## Exercise directions
Below are some records. Retype exactly the lines from the one containing "錯視を体験できるペーパークラ" through the one containing "白い世界だからこそ分かること", both included, skipping every picture.

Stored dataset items

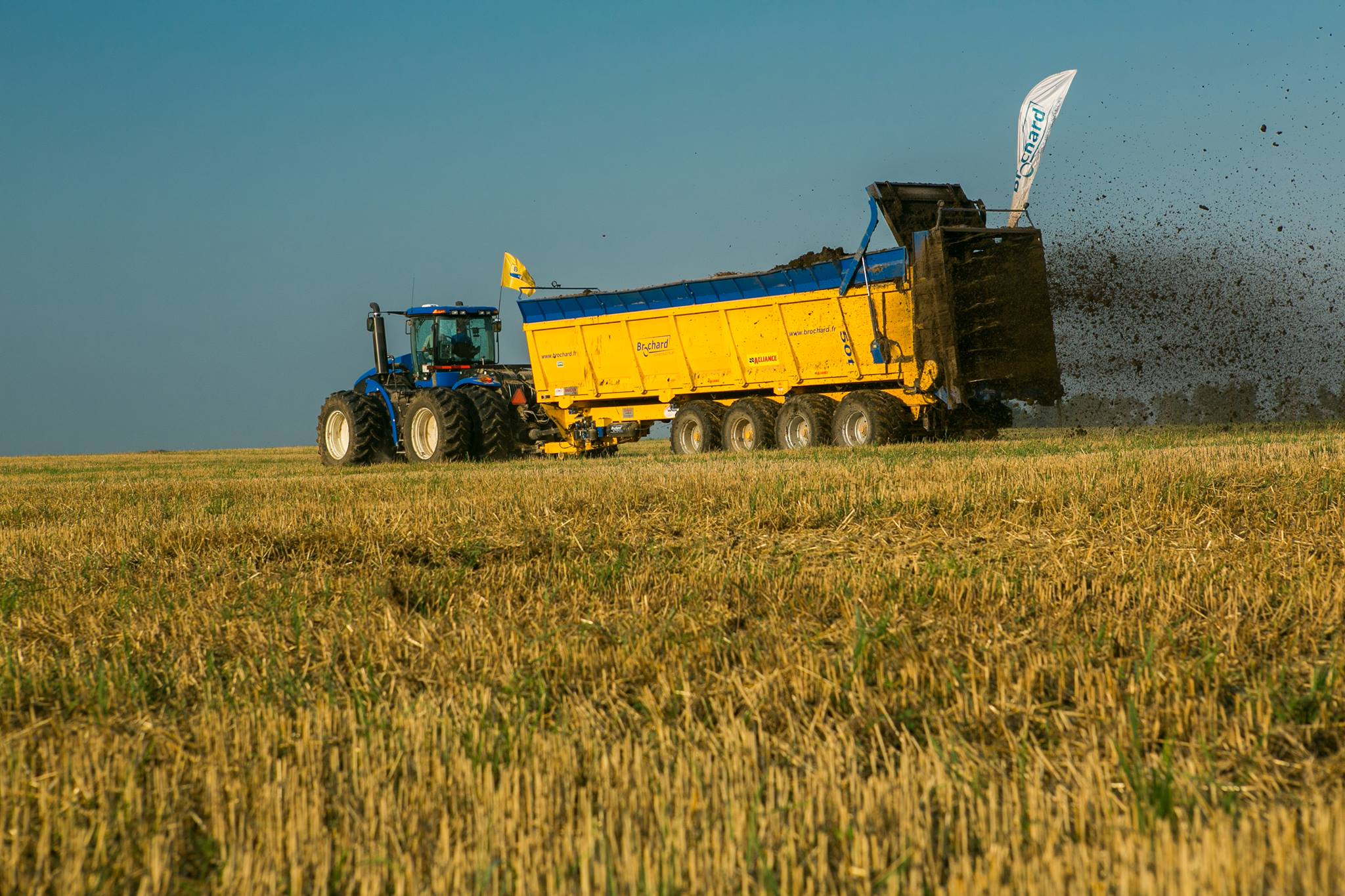 New Holland Ukraine et Moldavie et son partenaire, LLC Alfagro, le concessionnaire agrée de Brochard Constructeur, ont établi un nouveau Record du Monde d’Epandage de Fumier les 31 juillet et 1er août 2014, en épandant 4.217 tonnes sur 221,8 ha en 24 heures. Le puissant tracteur New Holland T9.615 et l’épandeur de fumier Brochard ont réussi cet exploit. Brochard Constructeur a fourni le plus grand épandeur de fumier au monde, avec une capacité de 50 tonnes, mais qui était chargé à 65 tonnes pendant le Record du Monde. Il a été conçu et construit spécialement pour cet évènement et peint aux couleurs de New Holland. Alain Bellion, Président de Brochard Constructeur SAS commentait: «Je suis très fier de notre Record du Monde. J’ai participé au développement de Brochard Constructeur pendant les dix dernières années et je me suis appliqué à concevoir et mettre au point des matériels toujours plus performants et robustes pour les professionnels de l’agriculture. New Holland Agriculture est clairement en train de suivre une stratégie semblable avec son T9.615. Je veux les remercier pour leur précieuse assistance !»
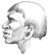 V. 1860 Australian mantereen tutkimusryhmän taiteilija Ludwig Becker piirsi oheisen kuvan sikäläisestä alkuasukkaasta, jota pidettiin enemmän eläimenä kuin ihmisenä. Alkuasukkaita metsästettiin kuin mitä tahansa riistaa. Osa vainajista täytettiin ja lähetettiin eri museoiden rotutukijoiden käyttöön todisteeksi kehitysopin puolesta 4. | |
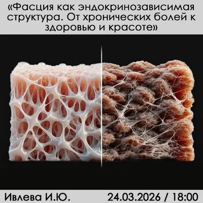 24 марта (вторник) 18:00 по Москве "ФАСЦИЯ КАК ЭНДОКРИНОЗАВИСИМАЯ СТРУКТУРА. ОТ ХРОНИЧЕСКИХ БОЛЕЙ К ЗДОРОВЬЮ И КРАСОТЕ" Ивлева И. Ю., врач - терапевт, реабилитолог клиники профессора Калинченко, зам.
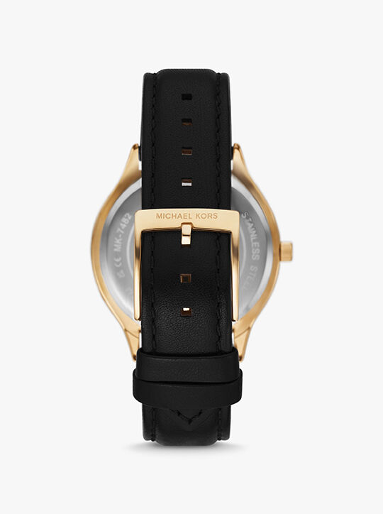 ساعة Slim Runway المرغوبة لدينا تم إعادة تصميمها بحزام جلدي متعدد الاستخدامات لإضفاء مظهر عصري. تم تصميمها بقرص أسود أنيق، وتتميز بقطع معدنية ذهبية اللون لإضفاء لمسة ذهبية على إطلالاتك المفضلة. ارتديها مع مجموعة من المجوهرات المكمّلة في الأيام التي لا تكونين فيها في العمل، أو ارتديها كقطعة مميزة عندما تتوجهين إلى المكتب.
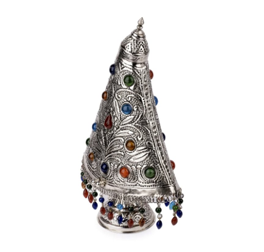 Conical Metal Table Lamp Embellished with Colorful Stones
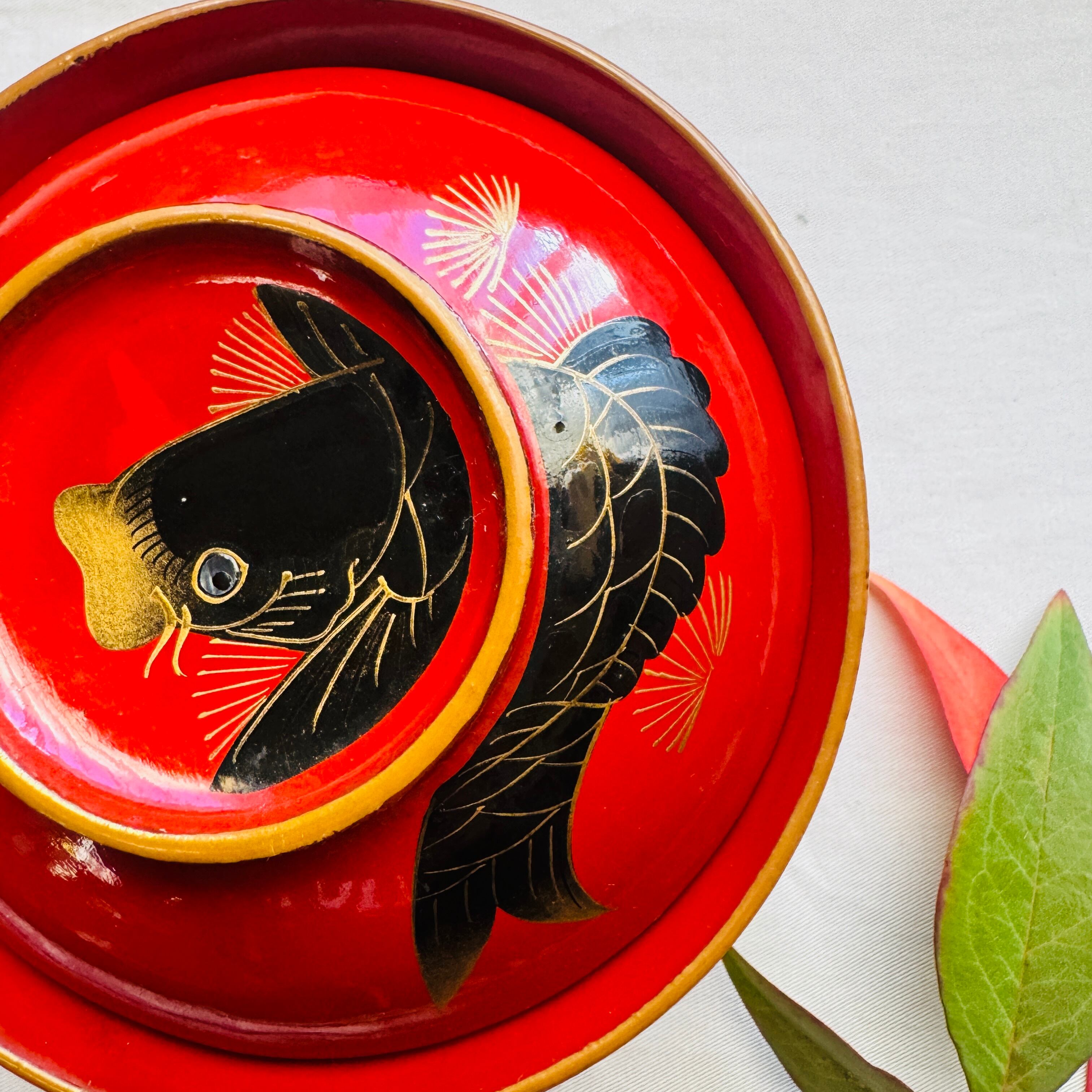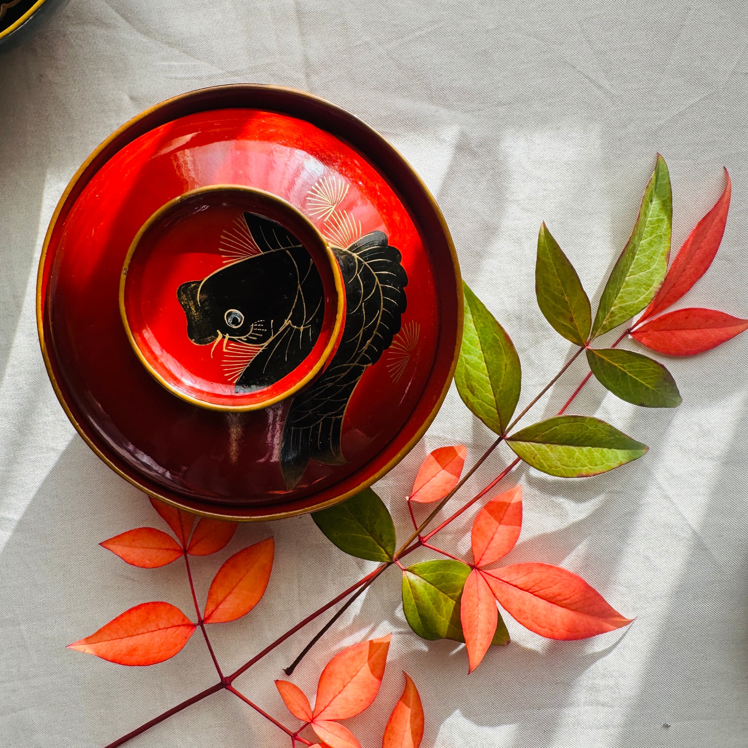 明治期の時代椀 鯉の金蒔絵と螺鈿が美しい吸物椀です。
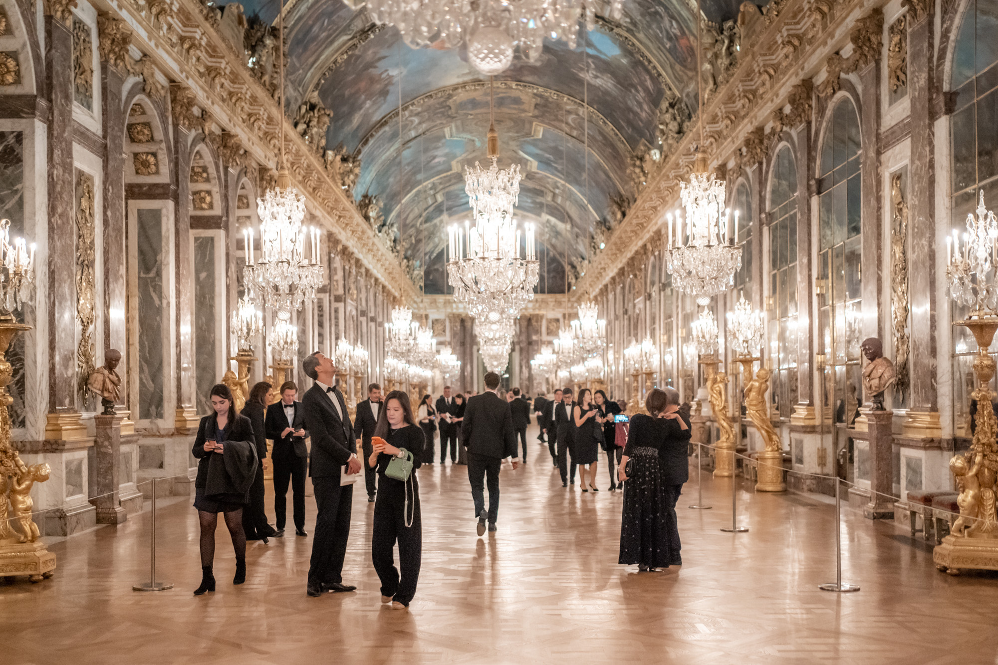 Le dîner se déroulait ensuite dans la Galerie des Batailles, la plus importante des galeries historiques créées par Louis-Philippe qui célèbre les plus grandes batailles et victoires de France.
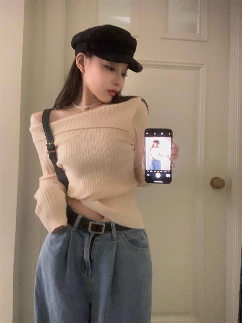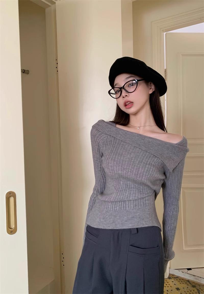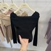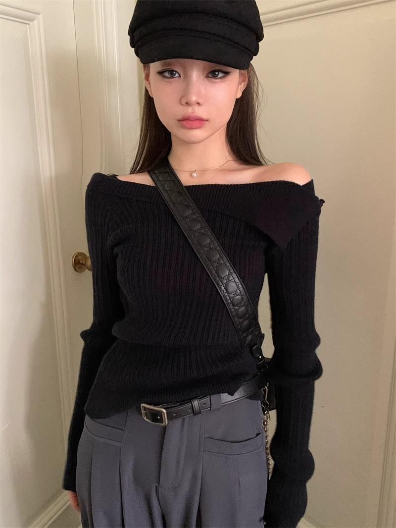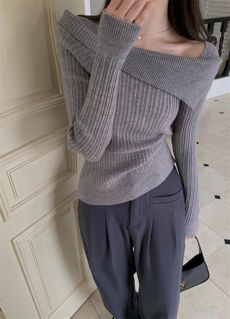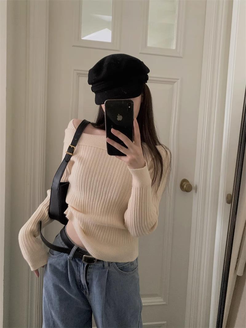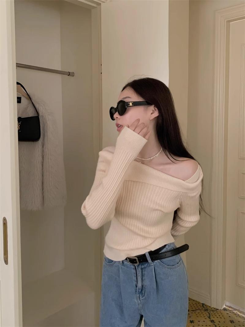 Top popular de otoño temprano para mujer con hombros descubiertos, suéter básico coreano chic de color sólido
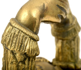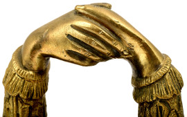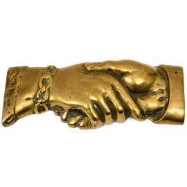 Lotto di due fermacarte in bronzo dorato raffiguranti strette di mani, XX secolo, cm 11x10x8 (difetti)
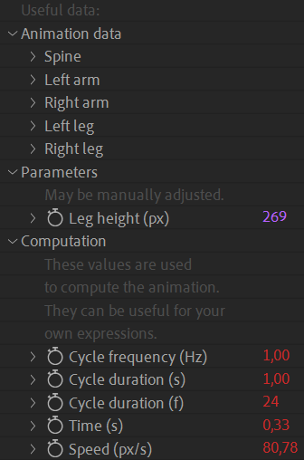 The values exposed in the Animation data section are the actual animation. When setuping the Walk / Run cycle with a custom, non-Duik, rig, you can use the expression pickwhip to these values to apply the animation to specific properties (just add + value; at the end of the expression generated by the pickwhip). The arms animation uses FK, you need to connect them to angle properties. The feet animation uses IK, connect them to position properties.
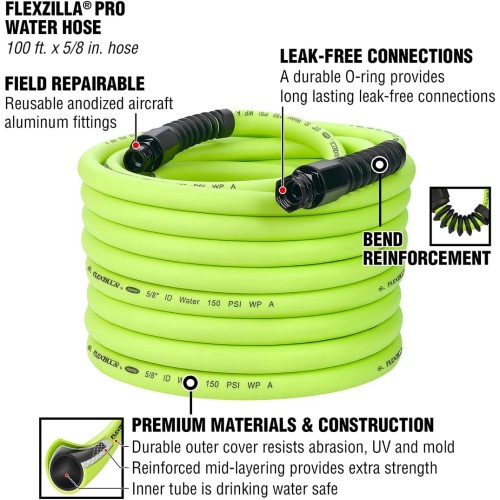 Flexzilla HFZWP5100 Pro Water Hose with Reusable Fittings, 5/8" inside diameter, 100' length, All Weather, Leak Free Connections
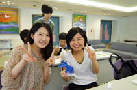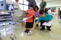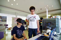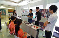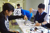 錯視を体験できるペーパークラフト作成、ロボット等の操作や光通信、英会話の授業などの体験ブースが人気を博していたほか、人間工学を応用し改良した製品を体験するブースでは、学生のアイディアによって、私たちの身の回りにあるものが、劇的に使いやすくなることに感嘆の声をあがっていました。
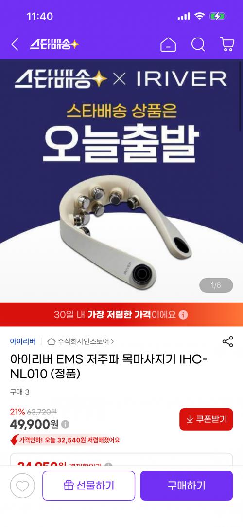 [지마켓] 아이리버 EMS 저주파 목마사지기 (49,900원/무배) > 국내핫딜
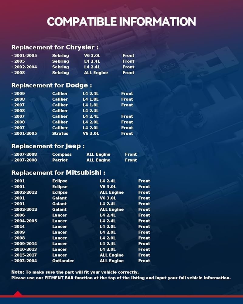 توافق دقيق للمركبة: تم تصميم وسادات فرامل KAX وتصنيعها وفقًا لمواصفات OE، وهي مناسبة تمامًا لدوارات الفرامل الأمامية وما بعد البيع. مناسب لميتسوبيشي أوتلاندر سبورت 2011-2023، ميتسوبيشي أوتلاندر 2003-2004 2007-2020، ميتسوبيشي لانسر 2004-2006 2008-2017، يرجى التحقق من توافق وسادة الفرامل هذه مع سيارتك قبل الشراء.
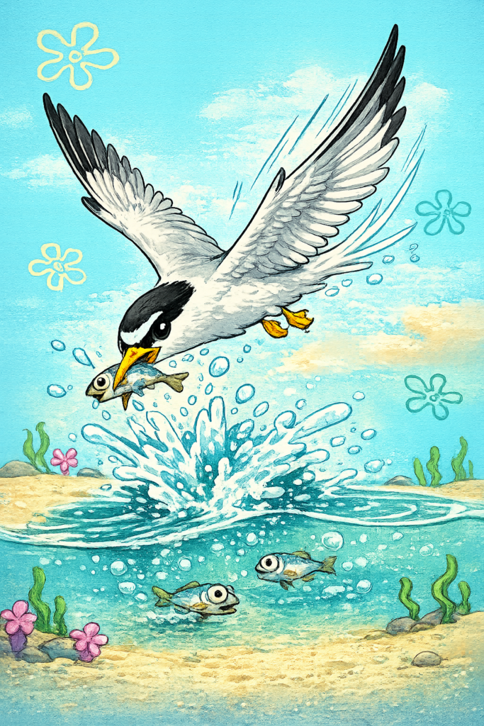 「よし、浮くぞ」ってした瞬間に、上からコアジサシが来る。
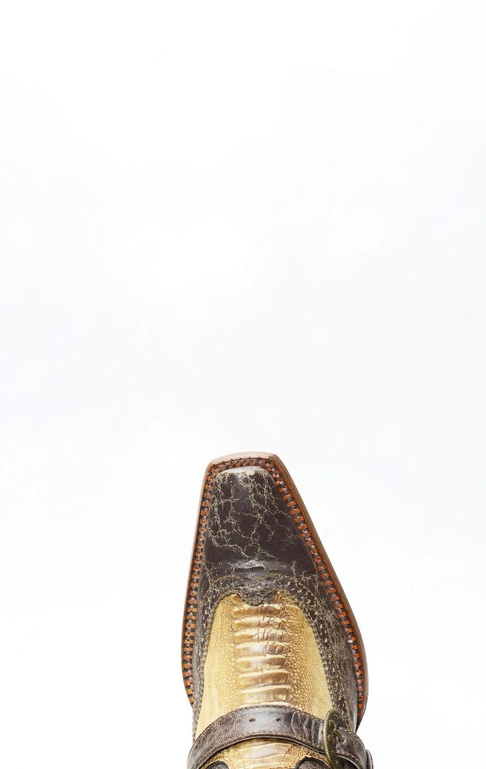stivale confezionato in vera pelle esotica, importata con regolare e speciale certificazione cites, di gamba di struzzo di colore marrone chiaro sfumato, completamente rifinito all’interno in fior di pelle e con suola in cuoio.
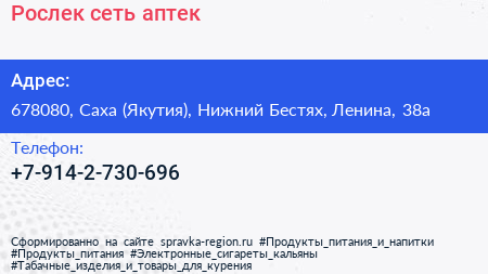 Рослек, сеть аптек по адресу 678080, Саха (Якутия), Нижний Бестях, Ленина, 38а в дальнейшем Организация, размещена в следующих категориях:
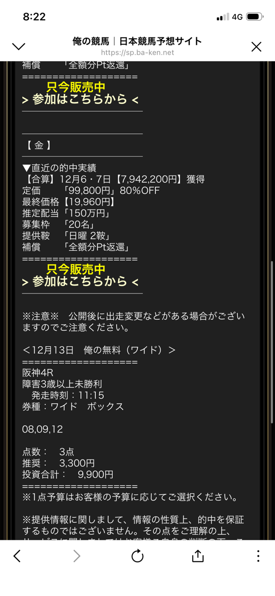 12月一発目の無料予想でも3連単万馬券当ててましたよ、結構参考にしてるサイトです。
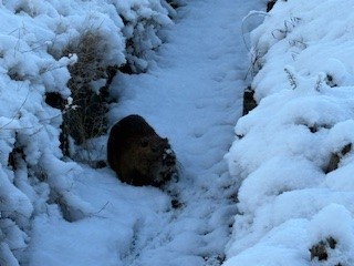白い世界だからこそ分かること 朝、みんなが登校を終えた後、学校前の田んぼのあぜ道に、何やら茶色い動く物が・・よく見るとヌートリアでした。雪が積もり、周りが白かったからこそ気付いた1枚です。雪が降った朝、寒い寒いと下を向かずに顔を上げて周りを見ると、何か新しい発見があるかもしれませんね。
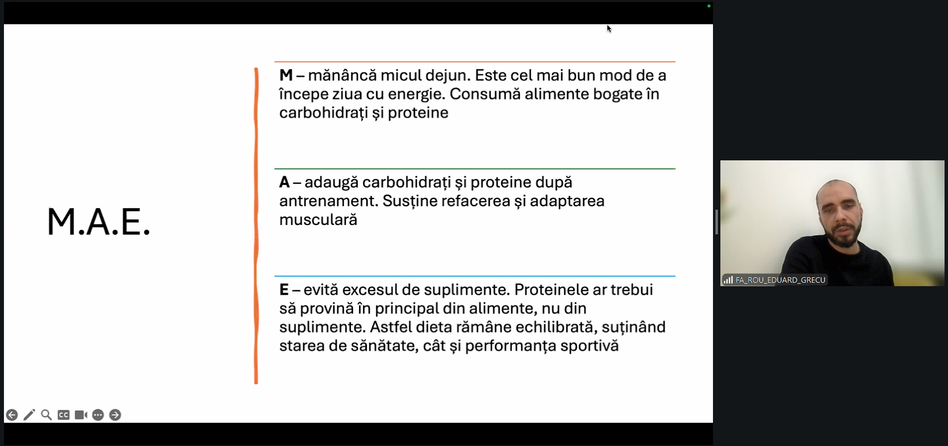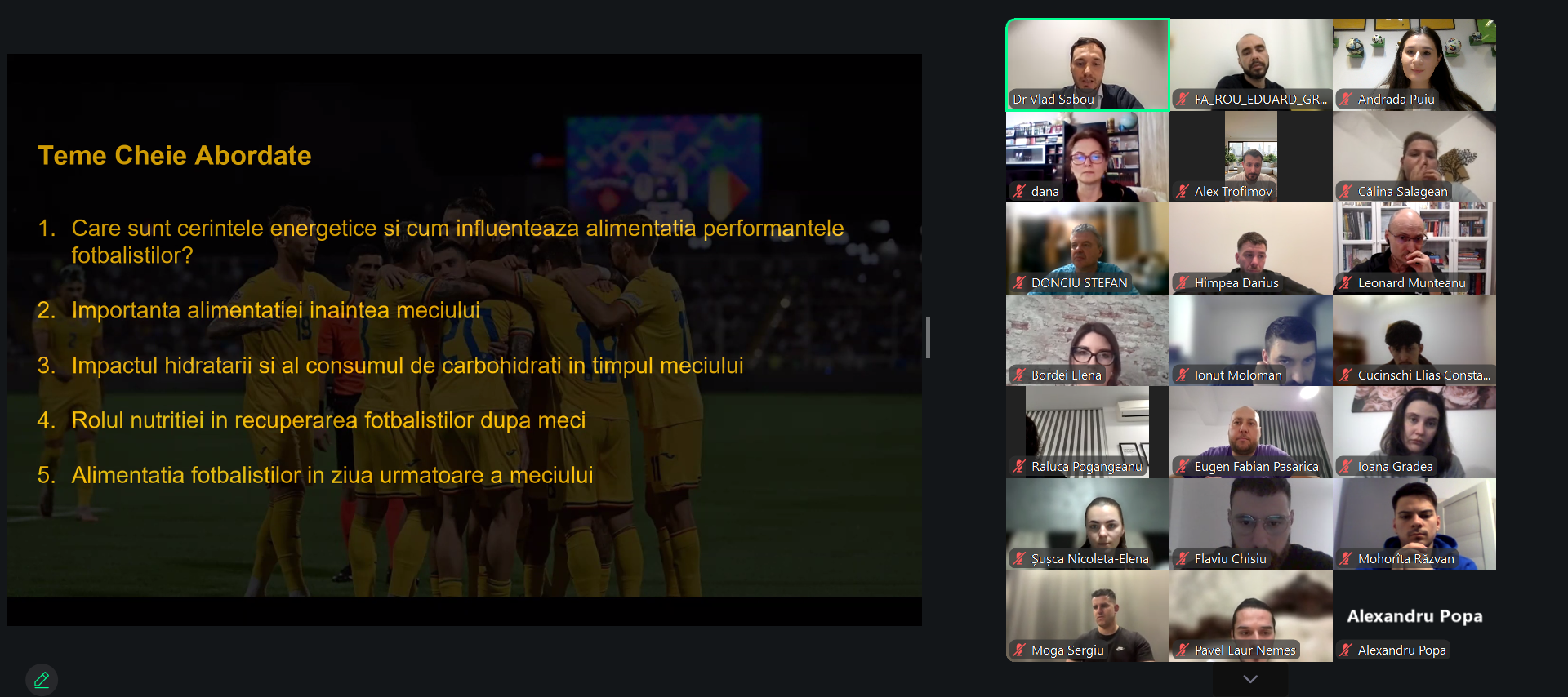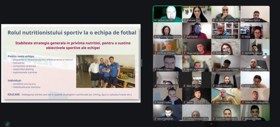 Această formare a oferit o introducere în nutriția sportivă dedicată fotbaliștilor de performanță. Au fost discutate strategii nutriționale pentru zilele de antrenament, ziua meciului și perioada de recuperare, precum și utilizarea suplimentelor sportive.

## Expected output
 錯視を体験できるペーパークラフト作成、ロボット等の操作や光通信、英会話の授業などの体験ブースが人気を博していたほか、人間工学を応用し改良した製品を体験するブースでは、学生のアイディアによって、私たちの身の回りにあるものが、劇的に使いやすくなることに感嘆の声をあがっていました。
 [지마켓] 아이리버 EMS 저주파 목마사지기 (49,900원/무배) > 국내핫딜
 توافق دقيق للمركبة: تم تصميم وسادات فرامل KAX وتصنيعها وفقًا لمواصفات OE، وهي مناسبة تمامًا لدوارات الفرامل الأمامية وما بعد البيع. مناسب لميتسوبيشي أوتلاندر سبورت 2011-2023، ميتسوبيشي أوتلاندر 2003-2004 2007-2020، ميتسوبيشي لانسر 2004-2006 2008-2017، يرجى التحقق من توافق وسادة الفرامل هذه مع سيارتك قبل الشراء.
 「よし、浮くぞ」ってした瞬間に、上からコアジサシが来る。
stivale confezionato in vera pelle esotica, importata con regolare e speciale certificazione cites, di gamba di struzzo di colore marrone chiaro sfumato, completamente rifinito all’interno in fior di pelle e con suola in cuoio.
 Рослек, сеть аптек по адресу 678080, Саха (Якутия), Нижний Бестях, Ленина, 38а в дальнейшем Организация, размещена в следующих категориях:
 12月一発目の無料予想でも3連単万馬券当ててましたよ、結構参考にしてるサイトです。
白い世界だからこそ分かること 朝、みんなが登校を終えた後、学校前の田んぼのあぜ道に、何やら茶色い動く物が・・よく見るとヌートリアでした。雪が積もり、周りが白かったからこそ気付いた1枚です。雪が降った朝、寒い寒いと下を向かずに顔を上げて周りを見ると、何か新しい発見があるかもしれませんね。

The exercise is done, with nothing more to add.